对太后的话,皇甫清并没有放在心上,这种说词即使是真的,此时,对他来说也没有说服力。
“母后,你为我考虑考虑,你若带走他,皇帝和太后同时失踪,难道不会引起天下臣民的猜忌?再者说,我也不需要他写让位诏书,不需要,我这里有。”
皇甫清从怀里掏出一个黄色的锦盒,打开,正是让位诏书。
“你果真是蓄谋已久,连假诏书都造好了。”皇甫銆苦笑着说。
“错,这可不是假的,诏书上的玉玺真而且真,如假包换。”
泪水从老太后的脸上不断滑落,震惊、失望此刻已经难以用语言形容,她终究是不了解自己的小儿子,此时或许她觉得自己是个失败的母亲。

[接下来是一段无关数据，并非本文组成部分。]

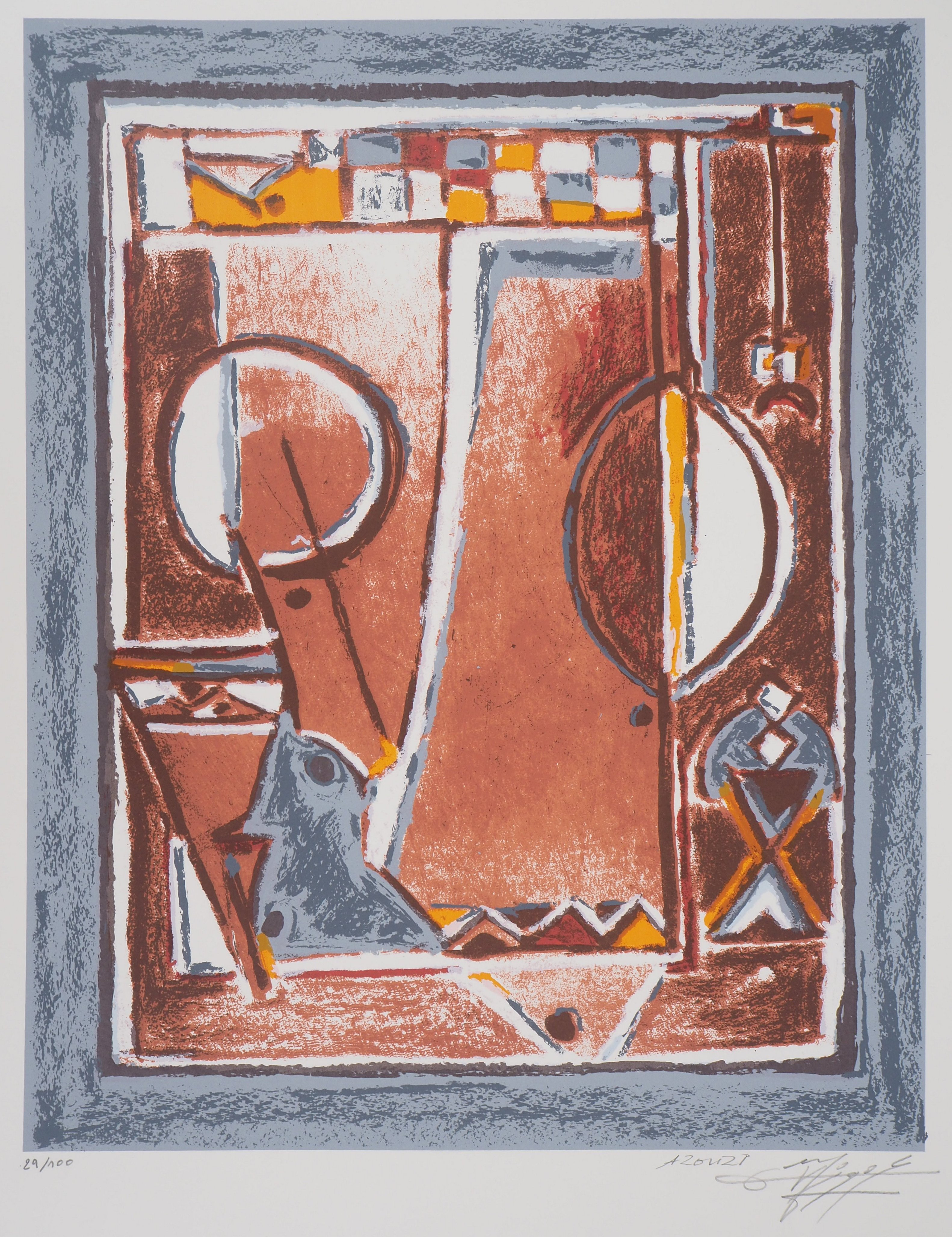 Mohammed Azouzi : Composition abstraite - Lithographie Originale Signée
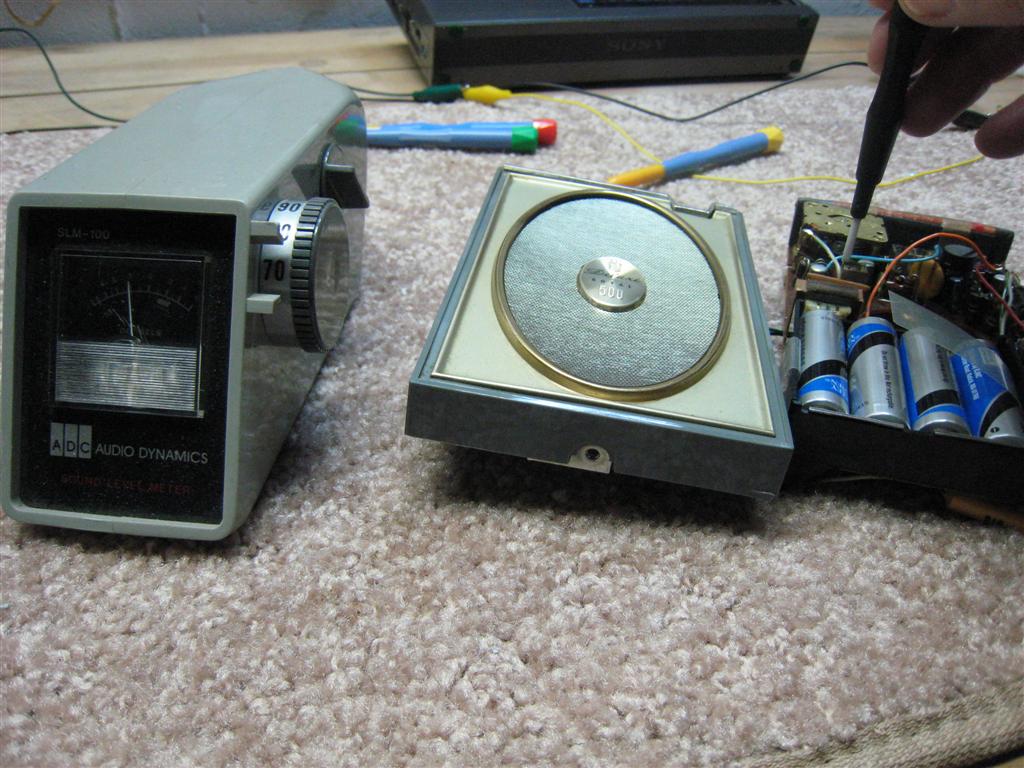Alignment: Alignment is the natural last step to any radio repair. The manuals for each model call out the specific steps, which are very few and simple in these AM-only sets. I have seen radios improve dramatically with nothing more than alignment…they can sometimes be quite far out of adjustment as found. At left I am using a sound level meter to align a 500H…this method often works better than using a direct connection to the speaker outputs which can add noise which makes low signal level measurements more difficult. The sound level meter works with no direct connection.

“你若要杀銆了,除非踩着我的尸体过去。”老太后双目含泪,痛心疾首的说道。
“母后,既然你开口了,我就放他一条生路。不是孩儿心狠手辣,是皇兄整日沉湎杯中之物,无心朝政。我这样做也是为了大楚的臣民,为了得来不易的江山。”
皇甫清纵然内心有万般的不愿意,却也不能真的杀了自己的母亲。
中年妇人正是眼前这对兄弟的亲生母亲,太后柳氏。闻言,太后护住皇甫銆的双臂才慢慢放下。向前走了两步,刚想张口和小儿子说什么,还未待她开口,皇甫清一个拧腰欺近皇甫銆面前,出手如电,挥动手中的宝剑,挑断了他的手筋脚筋。
这一切发生在电光火石之间,老太后反应过来,扑过来救已经晚了。皇甫銆扑通一声,摔倒在地上。手脚筋断了,人也就废了,连自理也难以做到。

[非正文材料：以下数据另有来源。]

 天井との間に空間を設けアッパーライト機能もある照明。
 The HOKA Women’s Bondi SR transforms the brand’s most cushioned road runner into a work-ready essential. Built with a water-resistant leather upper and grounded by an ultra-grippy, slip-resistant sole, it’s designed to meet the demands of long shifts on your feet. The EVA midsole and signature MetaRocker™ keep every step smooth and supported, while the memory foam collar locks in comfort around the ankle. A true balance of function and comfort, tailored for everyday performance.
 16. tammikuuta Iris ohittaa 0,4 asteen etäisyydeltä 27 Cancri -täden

“你,你,你……”中年妇人一时气得说不出话来,右手指着小儿子,抑制不住的颤抖。
“母后,我答应你的就一定做到,绝不杀皇兄。但,他活着我寝食难安。唯有变成一个废人,孩子才能高枕无忧。”皇甫清的眼睛里闪着疯狂的光芒。
“来人,把太后送回太和宫。太后身体抱恙,没有我的命令,谁也不能进太和宫打扰太后休养。”不容柳太后再说什么,涌上两个兵士就强行将她带离大殿。
“把他也拖走,放到听风阁,派人严加看守,严禁任何人与他接触。违令者,斩!”
皇甫清语落,也上来两个兵士象拖死狗一样将躺在地上的人拖走。皇甫銆如一滩烂泥般,任人拖拽,没有分毫的反抗之力。

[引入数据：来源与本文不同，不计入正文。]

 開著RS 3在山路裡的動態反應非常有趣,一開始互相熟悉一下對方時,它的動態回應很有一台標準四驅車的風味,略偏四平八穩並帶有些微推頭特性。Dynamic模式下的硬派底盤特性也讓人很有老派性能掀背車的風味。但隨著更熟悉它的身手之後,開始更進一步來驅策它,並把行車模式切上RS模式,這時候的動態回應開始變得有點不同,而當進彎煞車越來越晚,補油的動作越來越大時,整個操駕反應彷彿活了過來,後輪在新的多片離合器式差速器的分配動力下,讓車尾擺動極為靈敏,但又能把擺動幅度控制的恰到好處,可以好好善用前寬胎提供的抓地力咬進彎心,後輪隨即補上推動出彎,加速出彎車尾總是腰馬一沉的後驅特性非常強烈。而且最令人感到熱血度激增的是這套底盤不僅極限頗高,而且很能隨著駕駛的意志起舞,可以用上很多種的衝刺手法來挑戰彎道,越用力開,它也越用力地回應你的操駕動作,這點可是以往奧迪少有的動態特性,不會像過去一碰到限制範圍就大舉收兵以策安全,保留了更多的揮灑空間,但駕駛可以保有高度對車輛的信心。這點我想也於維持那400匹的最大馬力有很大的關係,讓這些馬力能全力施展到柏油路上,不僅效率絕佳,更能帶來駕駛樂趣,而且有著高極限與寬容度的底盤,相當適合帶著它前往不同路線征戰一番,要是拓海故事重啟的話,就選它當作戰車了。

从此,大楚国一夜间易主。原本那个文武奇才,曾力挽狂澜又痴情的皇帝,皇甫銆,因思念故去的皇后相思成疾,无心再理朝政,主动下了让位诏书,将皇禅让给了錖王,他的亲兄弟。倒也是落了个禅让贤能的美名。皇甫銆并无子嗣,皇位让给他弟弟,在外人看来也是人之常情。
新帝登基后,采取了众多利国利民的措施。调整吏制安抚朝政,开仓赈灾救百姓于水火,御驾亲征收复失地,一时间新帝的威名四起,很快树立起权威。街头巷尾,说书的算卦的,无不津津乐道新帝的仁政。
旧帝昔日的风采和勤勉朝政被世人抛在脑后,鲜有人还记得,即使偶有人提起,也是对他的痴情误国批判罢了。
百姓的要求很简单,谁能让我吃饱肚子,谁能让我过上冬有棉衣夏有单的日子,谁就是好皇帝。至于皇帝姓字名谁,他们不关心,也没兴趣关心。人性或许本就是如此,最在乎的是与自己切身利益相关的。